Assignment:
Only the lines of the data holding the string "living" need to be returned.

BEGIN

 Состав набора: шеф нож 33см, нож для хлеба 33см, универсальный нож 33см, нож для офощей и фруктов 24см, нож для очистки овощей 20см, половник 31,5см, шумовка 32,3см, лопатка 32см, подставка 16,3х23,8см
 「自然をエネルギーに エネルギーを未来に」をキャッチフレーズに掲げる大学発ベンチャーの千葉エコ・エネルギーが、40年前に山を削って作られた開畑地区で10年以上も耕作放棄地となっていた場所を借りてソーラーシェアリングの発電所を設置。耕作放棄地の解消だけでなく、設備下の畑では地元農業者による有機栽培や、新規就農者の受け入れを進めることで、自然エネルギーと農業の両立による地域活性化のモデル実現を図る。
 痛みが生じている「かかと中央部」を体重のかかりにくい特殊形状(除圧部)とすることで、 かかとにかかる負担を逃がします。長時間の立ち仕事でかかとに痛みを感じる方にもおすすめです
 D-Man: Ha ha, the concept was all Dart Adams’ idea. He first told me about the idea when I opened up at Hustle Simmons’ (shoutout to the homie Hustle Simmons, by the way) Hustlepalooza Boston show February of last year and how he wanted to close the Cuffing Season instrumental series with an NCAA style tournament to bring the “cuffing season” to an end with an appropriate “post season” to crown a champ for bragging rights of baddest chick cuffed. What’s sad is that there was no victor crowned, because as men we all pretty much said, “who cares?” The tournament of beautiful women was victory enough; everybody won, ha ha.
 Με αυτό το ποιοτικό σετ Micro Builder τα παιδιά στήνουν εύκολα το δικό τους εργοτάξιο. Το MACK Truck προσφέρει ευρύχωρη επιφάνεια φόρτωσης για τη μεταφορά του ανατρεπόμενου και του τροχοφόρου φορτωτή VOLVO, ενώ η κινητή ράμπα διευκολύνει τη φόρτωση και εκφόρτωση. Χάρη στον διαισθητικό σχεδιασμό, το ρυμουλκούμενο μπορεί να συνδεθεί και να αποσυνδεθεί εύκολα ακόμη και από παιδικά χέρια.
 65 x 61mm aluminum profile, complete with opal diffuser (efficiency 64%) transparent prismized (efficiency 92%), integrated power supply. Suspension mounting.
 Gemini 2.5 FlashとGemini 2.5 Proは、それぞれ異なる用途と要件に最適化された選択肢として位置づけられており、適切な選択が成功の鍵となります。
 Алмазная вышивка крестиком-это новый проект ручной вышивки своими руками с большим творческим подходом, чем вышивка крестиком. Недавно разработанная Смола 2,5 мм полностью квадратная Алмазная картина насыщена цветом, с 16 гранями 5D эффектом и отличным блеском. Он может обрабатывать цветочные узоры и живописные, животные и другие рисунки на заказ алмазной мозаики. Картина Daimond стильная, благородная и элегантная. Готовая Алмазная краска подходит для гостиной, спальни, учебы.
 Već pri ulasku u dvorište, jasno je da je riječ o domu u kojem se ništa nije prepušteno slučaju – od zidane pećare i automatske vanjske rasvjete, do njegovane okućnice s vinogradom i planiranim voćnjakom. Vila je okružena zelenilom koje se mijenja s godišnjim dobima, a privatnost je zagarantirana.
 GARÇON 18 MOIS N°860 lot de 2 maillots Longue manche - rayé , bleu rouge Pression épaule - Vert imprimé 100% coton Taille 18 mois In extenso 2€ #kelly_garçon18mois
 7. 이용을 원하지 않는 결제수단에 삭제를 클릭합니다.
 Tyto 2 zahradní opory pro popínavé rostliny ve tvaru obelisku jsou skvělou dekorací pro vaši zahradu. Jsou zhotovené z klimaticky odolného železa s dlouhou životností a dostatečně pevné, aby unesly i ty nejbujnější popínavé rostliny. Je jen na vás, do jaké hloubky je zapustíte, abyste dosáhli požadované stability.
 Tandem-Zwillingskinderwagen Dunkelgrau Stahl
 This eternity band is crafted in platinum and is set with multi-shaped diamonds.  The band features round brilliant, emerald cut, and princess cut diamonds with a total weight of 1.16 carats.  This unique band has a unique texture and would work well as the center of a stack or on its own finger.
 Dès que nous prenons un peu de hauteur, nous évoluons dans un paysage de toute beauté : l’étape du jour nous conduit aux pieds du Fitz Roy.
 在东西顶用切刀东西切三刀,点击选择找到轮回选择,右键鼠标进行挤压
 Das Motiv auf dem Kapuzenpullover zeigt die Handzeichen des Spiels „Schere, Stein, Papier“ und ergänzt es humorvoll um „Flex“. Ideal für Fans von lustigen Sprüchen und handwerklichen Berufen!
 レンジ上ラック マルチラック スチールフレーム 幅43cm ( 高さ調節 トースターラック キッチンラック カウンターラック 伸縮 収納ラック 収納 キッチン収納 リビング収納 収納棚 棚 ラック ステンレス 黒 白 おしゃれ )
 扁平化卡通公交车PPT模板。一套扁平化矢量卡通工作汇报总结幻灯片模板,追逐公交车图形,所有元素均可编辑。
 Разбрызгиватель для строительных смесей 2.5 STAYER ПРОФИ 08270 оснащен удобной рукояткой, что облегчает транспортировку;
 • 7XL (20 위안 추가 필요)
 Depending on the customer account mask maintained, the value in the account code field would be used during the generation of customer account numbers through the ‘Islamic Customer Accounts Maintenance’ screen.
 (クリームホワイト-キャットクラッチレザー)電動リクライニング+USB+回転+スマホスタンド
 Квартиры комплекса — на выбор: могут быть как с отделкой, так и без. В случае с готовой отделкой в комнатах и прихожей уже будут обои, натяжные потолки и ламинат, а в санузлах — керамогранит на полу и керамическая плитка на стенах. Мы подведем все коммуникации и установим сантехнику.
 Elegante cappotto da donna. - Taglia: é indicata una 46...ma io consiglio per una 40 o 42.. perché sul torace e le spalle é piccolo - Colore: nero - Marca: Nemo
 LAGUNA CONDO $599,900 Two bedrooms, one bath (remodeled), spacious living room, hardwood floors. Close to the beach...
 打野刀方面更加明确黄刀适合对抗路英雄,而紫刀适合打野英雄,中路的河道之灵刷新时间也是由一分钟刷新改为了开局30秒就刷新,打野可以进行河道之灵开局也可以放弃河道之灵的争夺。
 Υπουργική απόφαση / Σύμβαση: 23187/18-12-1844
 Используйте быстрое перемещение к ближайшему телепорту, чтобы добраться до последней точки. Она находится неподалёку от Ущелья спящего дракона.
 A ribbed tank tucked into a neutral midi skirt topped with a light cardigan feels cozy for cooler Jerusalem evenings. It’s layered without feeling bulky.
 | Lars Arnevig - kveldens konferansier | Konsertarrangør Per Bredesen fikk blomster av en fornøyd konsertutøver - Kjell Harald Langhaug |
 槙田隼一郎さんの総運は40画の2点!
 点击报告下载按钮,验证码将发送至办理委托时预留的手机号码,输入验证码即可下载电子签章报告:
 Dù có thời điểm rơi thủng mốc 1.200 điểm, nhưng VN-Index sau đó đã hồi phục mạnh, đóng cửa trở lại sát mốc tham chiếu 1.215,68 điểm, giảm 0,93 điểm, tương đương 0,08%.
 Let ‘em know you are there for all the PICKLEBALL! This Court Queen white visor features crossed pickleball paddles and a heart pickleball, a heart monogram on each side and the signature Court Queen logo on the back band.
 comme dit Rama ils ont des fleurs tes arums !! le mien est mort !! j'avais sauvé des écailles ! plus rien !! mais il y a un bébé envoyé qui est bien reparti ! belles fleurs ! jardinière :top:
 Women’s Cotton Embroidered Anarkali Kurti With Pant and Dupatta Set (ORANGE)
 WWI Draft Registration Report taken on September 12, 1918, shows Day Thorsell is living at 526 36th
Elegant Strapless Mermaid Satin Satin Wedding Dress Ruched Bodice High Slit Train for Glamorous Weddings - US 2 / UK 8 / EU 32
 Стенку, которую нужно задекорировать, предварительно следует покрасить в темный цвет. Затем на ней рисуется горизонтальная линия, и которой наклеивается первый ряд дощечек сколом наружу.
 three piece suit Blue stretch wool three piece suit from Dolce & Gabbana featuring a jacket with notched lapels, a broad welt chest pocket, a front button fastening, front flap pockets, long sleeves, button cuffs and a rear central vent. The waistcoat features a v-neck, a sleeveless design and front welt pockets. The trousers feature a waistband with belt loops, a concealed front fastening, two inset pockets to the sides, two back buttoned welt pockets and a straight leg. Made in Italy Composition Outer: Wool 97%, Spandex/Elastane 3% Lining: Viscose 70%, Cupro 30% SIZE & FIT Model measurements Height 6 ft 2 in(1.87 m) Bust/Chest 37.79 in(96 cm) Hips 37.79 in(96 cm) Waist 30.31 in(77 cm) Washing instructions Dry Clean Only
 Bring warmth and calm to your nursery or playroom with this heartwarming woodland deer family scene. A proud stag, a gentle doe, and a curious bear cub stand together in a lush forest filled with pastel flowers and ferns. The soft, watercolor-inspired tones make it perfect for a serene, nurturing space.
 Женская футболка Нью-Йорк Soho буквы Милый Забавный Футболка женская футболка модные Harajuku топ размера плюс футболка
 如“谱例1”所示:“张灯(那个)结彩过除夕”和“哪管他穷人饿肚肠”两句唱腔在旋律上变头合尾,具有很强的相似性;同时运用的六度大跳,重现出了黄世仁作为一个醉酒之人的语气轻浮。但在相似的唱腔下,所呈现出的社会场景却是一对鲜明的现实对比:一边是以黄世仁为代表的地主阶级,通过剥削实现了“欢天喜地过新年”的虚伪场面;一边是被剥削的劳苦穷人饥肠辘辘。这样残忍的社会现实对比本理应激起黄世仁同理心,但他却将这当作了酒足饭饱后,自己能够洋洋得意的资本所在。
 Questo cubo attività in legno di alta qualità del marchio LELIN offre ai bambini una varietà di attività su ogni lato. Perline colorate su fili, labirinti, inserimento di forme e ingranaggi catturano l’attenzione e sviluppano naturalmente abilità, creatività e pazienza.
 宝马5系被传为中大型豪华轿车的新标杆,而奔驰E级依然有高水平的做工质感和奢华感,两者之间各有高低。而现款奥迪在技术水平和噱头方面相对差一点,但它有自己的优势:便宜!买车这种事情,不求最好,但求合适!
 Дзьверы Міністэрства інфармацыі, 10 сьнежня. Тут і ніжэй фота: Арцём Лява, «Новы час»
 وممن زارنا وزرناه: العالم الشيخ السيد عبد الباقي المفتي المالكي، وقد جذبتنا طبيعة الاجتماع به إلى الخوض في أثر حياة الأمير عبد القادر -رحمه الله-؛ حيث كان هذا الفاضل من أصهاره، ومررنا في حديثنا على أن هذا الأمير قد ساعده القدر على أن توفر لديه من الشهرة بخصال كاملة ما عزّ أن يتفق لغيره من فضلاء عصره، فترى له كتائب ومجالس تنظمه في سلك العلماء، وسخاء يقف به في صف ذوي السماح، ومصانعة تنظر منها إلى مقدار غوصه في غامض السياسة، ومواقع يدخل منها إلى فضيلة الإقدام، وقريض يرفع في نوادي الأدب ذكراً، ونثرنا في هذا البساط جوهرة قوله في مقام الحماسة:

END

Expected answer:
 LAGUNA CONDO $599,900 Two bedrooms, one bath (remodeled), spacious living room, hardwood floors. Close to the beach...
 WWI Draft Registration Report taken on September 12, 1918, shows Day Thorsell is living at 526 36th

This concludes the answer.